Руки ее были холодны, будто сделаны изо льда, а голос – сладок. И, подчиняясь ей, я пил горький травяной отвар и удивлялся, что не узнаю эту женщину.
Кто она? И как оказалась в моем доме?
– У тебя жар, милый. У тебя жар.
Она села у моей кровати, но сколь я ни ворочался, пытаясь разглядеть ее лучше, у меня не выходило. Несомненно, женщина была красива, если не сказать – прекрасна. Она представлялась мне совершенством, которого больше не достигнуть никому.
– Кто ты? – спросил я на третий день болезни, когда жар отступил. – Что ты здесь делаешь?

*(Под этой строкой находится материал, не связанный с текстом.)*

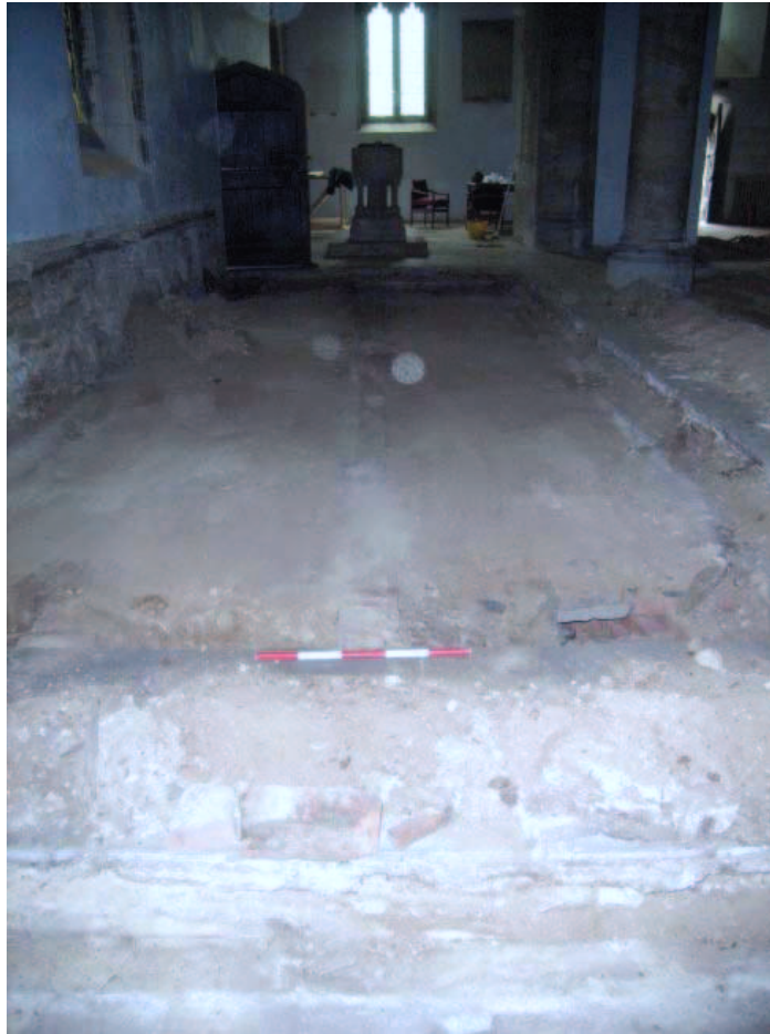
Plate 3: Possible shaft grave in south aisle

– Забочусь о тебе, – ответила она. – Ты не узнаешь меня, милый?
– Нет.
Я был уверен, что не знаю ее.
– Я твоя мама.
– Неправда!
Моя мать была иной… но какой? Остаток дня я пытался вспомнить ее лицо или голос, или запах, или хоть что-нибудь, что подтвердило бы само ее существование. А женщина, сидевшая у моей постели, пела песенки, одну за другой. Голос ее был тих и приятен, и я уснул, но, проснувшись, снова спросил:
– Кто ты?
– Милый, ты меня пугаешь. Почему ты не узнаешь меня?
Она заплакала, и мне стало стыдно. Эта женщина, кем бы она ни была, за прошедшие дни сделала больше, чем мать за годы моей жизни. И как смел я выказывать подобную неблагодарность?
– Простите, мэм, – сказал я.
– Ничего, милый. Это горячка. Во всем виновата горячка.
И что оставалось мне? Лишь согласиться с ее заботой.
Выздоравливал я медленно. И, честно говоря, пропустил миг, когда болезнь покинула мое тело окончательно. Я ослабел настолько, что сам не в состоянии был подняться с кровати, не говоря уже о большем.
– Это пройдет, – повторяла мне женщина, притворявшаяся моей матерью. – Вот увидишь, милый, это пройдет. Ты вновь станешь сильным.
Она варила мне бульоны и каши, меняла одежду, вытирала взопревшее тело чистыми полотенцами. Откуда им было взяться в доме?
Не знаю.
Когда я смог держаться на ногах, я первым делом выбрался во двор. Нет, тогда я еще не убегал. Мне необходимо было убедиться, что дом остался прежним.
Я убедился.
Грязная развалюха, старая жаба на лысой поляне-дворе. Только вот на крыше его сидела сотня голубей, слишком тихих и неподвижных для настоящих птиц. Стая разглядывала меня, а я пытался вспомнить – были ли голуби прежде?
– Милый, – позвали меня. – Возвращайся. Тебе не стоит пока выходить на улицу. Это опасно.
Вторым делом я выбрался на чердак. И каково же было удивление мое, когда я увидел, что не осталось ни сундуков, ни коробов, ни вообще ничего, кроме пыли.
– Какие вещи? – удивилась моя новообретенная мать. – Ты такой выдумщик, Роберт.